Consistency | Adoption | Reproducibility
Why couldn't an LLM use our existing guidelines?#
The request came from a content editor who'd just spent two hours fixing metadata on 15 publications — all tagged inconsistently despite existing "guidelines." When Microsoft 365 Copilot launched custom agents, the idea was obvious: build an AI assistant to help with drafting and tagging.
I quickly discovered that our guidelines were scattered across wiki pages, email threads, and tribal knowledge. Most were vague: "Keep it concise." "Use clear language." "Tag appropriately."
Try feeding that to an LLM. What does "concise" mean? How many tags is "appropriate"?
What existed:
- "Publications should introduce the PDF attachment"
- "Use relevant theme tags"
- "Follow UN editorial standards"
What an LLM needs:
- "Publications average 169 words (range: 150-200), typically 2-3 paragraphs"
- "Use 2-4 theme tags; most common combinations: Governance + Risk assessment (26%)"
- "56% of titles use colon pattern: 'Primary Topic: Specific focus'"
The real challenge wasn't building an AI assistant — it was preparing knowledge the AI could actually use.
How should AI access institutional knowledge?#
The UNDRR platform spans 17+ domains with over a decade of content. I identified three options for how the AI assistant could access this knowledge:
Option 1: RAG (real-time queries) Give the LLM access to query Drupal on-the-fly. Current examples, always fresh — but slow, inconsistent, and the LLM must discover patterns each time.
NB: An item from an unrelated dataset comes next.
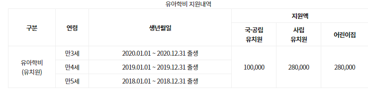 유아학비 지원 금액 (만3~5세 교육비) 국/공립 월 10만원, 사립 월 28만원 (만3~5세 방과후 과정비) 국/공립 월 5만원, 사립 월 7만원 (저소득층 유아학비 실비 지원) 사립 월 최대 20만원 범위 내

Option 2: MCP server (structured tools) Build a custom server exposing Drupal content as tool calls. Hybrid approach — but requires infrastructure, only works with select LLMs, and still discovers patterns in real-time.
Option 3: Static knowledge base Extract examples, analyze to discover patterns, codify as guidelines, upload as documents. Pre-analyzed, stable, auditable — and works with Microsoft 365 Copilot out of the box.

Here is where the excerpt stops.